NT, 3-methyladenine (3MA), and VPS34 IN were supplied by MedChemExpress (NJ, United States). The NT sample was dissolved in normal saline (Xie et al., 2019). Primary antibodies to Beclin-1, VPS34, LC3B, P62, CD34, SOD1, eNOS, and HO-1 were bought from Abcam (Cambridge, United Kingdom). Primary antibodies to VE-cadherin and VEGF were supplied by Affinity Biosciences (OH, United States) and primary antibodies to LC3 I/II were bought from ZenBio (Chengdu, China). Anti-mouse and anti-rabbit secondary antibodies IgG-conjugated with Alexa Fluor 488 (green) and Alexa Fluor 594 (red), or with horseradish peroxidase (HRP), were obtained from Abcam (Cambridge, United Kingdom). Umbilical vein endothelial cells were bought from OTWO (Shenzhen, China). RPMI 1640 medium (1640) and fetal bovine serum (FBS) were bought from Gibco (California, United States).
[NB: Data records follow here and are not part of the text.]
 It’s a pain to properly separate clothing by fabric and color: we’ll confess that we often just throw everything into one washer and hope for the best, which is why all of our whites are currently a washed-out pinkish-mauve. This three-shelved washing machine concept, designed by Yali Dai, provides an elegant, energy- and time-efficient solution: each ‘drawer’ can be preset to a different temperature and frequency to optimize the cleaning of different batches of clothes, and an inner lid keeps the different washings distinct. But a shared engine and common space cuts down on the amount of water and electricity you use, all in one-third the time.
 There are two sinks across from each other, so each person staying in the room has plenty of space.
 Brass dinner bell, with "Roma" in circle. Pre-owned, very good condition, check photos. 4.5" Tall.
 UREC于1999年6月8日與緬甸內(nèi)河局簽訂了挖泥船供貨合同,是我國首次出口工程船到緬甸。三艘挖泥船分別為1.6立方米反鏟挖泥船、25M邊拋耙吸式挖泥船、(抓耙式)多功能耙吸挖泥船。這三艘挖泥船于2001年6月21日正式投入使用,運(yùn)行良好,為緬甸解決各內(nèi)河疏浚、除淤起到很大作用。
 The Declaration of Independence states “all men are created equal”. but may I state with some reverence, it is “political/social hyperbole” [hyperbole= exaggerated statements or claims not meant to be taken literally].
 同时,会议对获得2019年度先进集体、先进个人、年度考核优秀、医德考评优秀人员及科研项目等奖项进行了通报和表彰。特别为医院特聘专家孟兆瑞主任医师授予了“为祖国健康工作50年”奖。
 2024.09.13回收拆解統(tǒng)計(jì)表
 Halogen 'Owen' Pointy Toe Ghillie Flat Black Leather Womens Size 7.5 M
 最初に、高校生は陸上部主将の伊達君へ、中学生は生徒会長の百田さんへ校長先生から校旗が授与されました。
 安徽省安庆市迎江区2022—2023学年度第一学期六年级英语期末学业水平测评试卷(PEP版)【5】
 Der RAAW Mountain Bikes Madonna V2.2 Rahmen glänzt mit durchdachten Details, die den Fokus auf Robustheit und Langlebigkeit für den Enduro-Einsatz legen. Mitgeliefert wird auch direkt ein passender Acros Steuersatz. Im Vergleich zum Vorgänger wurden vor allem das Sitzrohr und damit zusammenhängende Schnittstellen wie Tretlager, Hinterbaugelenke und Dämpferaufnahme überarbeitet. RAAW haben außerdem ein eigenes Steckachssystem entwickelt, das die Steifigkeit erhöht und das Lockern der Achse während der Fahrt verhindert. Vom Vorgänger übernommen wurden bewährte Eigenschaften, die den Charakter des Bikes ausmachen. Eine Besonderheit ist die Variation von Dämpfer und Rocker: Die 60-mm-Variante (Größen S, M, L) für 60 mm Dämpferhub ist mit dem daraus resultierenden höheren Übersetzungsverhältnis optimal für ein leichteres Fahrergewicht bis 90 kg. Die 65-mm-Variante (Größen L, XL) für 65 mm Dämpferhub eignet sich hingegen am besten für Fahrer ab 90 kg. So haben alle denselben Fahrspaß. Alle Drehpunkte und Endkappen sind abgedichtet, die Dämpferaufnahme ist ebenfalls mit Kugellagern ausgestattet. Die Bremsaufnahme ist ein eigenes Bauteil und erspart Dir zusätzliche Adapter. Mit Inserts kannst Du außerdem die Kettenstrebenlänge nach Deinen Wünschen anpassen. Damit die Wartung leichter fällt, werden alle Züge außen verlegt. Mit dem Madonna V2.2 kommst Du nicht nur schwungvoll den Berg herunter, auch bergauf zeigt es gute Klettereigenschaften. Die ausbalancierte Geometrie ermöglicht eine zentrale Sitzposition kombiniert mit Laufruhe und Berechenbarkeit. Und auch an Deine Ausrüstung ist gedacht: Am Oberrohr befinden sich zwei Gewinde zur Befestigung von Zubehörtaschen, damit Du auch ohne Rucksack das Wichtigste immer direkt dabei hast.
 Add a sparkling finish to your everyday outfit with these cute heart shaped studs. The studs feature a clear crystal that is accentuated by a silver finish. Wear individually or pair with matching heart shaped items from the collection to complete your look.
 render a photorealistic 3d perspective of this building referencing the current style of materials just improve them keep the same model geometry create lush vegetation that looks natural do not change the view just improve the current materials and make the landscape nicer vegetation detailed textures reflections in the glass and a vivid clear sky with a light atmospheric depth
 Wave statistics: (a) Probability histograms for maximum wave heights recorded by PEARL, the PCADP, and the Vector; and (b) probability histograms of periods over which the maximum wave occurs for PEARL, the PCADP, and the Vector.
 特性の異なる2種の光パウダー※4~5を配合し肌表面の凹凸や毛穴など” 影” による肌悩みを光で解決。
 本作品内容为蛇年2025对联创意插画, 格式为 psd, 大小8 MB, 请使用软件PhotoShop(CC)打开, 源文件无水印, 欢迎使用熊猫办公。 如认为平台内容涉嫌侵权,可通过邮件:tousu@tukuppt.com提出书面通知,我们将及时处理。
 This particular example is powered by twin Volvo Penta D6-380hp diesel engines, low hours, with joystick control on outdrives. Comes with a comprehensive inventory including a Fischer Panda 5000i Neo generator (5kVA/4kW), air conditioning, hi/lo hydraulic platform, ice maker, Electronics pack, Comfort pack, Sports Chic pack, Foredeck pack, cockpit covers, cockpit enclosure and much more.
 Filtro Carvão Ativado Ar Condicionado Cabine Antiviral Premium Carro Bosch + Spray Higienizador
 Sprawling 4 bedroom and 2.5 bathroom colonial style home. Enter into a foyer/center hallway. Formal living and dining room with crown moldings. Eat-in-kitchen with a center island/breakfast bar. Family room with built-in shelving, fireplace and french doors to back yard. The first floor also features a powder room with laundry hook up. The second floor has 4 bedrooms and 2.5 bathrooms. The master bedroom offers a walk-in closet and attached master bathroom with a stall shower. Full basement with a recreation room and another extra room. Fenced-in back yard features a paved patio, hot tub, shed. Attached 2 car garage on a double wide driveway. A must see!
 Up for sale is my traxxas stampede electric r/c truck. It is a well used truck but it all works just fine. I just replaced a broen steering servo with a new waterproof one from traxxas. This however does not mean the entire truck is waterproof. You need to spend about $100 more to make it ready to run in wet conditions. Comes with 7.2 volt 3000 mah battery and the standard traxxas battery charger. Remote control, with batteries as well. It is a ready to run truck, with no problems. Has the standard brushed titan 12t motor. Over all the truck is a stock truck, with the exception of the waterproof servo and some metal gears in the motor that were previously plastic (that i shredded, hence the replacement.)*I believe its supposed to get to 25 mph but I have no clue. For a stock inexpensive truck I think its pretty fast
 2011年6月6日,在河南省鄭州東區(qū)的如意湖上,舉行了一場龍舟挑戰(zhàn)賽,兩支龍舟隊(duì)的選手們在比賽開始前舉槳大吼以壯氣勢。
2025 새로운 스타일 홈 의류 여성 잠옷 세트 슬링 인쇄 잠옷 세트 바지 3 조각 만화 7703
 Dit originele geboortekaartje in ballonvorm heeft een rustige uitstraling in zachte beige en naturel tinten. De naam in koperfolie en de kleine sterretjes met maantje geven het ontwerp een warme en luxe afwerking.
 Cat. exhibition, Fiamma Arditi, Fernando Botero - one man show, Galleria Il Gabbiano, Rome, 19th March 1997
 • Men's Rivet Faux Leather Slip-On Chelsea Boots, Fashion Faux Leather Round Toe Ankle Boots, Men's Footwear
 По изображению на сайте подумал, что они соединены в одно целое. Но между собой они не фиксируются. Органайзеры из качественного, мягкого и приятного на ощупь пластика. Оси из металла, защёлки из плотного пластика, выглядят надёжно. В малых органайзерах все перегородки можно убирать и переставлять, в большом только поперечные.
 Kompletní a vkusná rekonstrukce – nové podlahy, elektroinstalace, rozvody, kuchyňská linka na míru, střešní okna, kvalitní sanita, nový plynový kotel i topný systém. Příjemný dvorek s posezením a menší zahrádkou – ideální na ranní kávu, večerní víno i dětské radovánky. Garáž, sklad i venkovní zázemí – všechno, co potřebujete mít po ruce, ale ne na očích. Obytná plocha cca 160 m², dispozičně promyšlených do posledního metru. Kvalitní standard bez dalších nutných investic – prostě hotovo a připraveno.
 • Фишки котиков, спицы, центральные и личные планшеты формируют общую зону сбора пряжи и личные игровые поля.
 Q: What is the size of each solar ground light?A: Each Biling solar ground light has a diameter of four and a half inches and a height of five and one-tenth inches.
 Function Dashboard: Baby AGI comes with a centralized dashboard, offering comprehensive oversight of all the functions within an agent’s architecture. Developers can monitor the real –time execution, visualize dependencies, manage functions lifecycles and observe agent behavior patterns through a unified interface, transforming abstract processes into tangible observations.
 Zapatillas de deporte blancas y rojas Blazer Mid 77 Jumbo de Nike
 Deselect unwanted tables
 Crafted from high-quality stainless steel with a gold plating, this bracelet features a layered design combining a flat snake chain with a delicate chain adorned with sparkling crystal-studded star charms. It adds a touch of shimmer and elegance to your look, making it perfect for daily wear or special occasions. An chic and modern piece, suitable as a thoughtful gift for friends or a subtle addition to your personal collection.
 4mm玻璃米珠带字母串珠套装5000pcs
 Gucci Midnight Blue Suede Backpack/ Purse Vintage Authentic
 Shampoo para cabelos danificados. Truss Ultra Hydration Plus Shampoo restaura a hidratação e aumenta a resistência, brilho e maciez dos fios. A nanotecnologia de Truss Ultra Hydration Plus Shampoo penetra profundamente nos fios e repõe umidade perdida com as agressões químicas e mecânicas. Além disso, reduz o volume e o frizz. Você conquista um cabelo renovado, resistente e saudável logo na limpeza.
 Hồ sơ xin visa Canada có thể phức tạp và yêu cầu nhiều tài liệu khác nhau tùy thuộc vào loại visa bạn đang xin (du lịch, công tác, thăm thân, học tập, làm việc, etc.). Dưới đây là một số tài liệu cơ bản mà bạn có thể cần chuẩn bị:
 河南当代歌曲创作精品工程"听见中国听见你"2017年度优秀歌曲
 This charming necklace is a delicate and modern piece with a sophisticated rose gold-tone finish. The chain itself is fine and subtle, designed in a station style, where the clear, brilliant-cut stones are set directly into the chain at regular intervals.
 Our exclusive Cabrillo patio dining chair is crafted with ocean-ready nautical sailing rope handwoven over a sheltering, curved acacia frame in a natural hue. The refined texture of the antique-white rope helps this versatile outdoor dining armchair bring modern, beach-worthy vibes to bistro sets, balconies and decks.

Umbilical vein endothelial cells (UVECs) were cultured in RPMI 1640 complete medium containing 10% serum. The cells were divided into four groups: the control group, the H₂O₂ group (added 100 μM H₂O₂), the NT group (added 100 μM H₂O₂ + 100 μg/ml NT), and the NT + VPS34 IN group (added 100 μM H₂O₂ + 100 μg/ml NT + 10 nM VPS34 IN).

The UVECs were laid on a 12-well petri dish and cultured overnight until a fused monolayer was formed. The cells were scratched with a 200-μL pipette and washed with phosphate-buffered saline (PBS) three times. The images of monolayers of injured cells were captured using light microscopy at 0, 6, 12, and 24 h post-injury. UVECs were laid onto 96-well plates with 10,000 cells per well. After 12 h, the cells were divided into three groups: the control group, the 50 μg/ml NT group, and the 100 μg/ml NT group. The CCK-8 kit was used to detect cell proliferation.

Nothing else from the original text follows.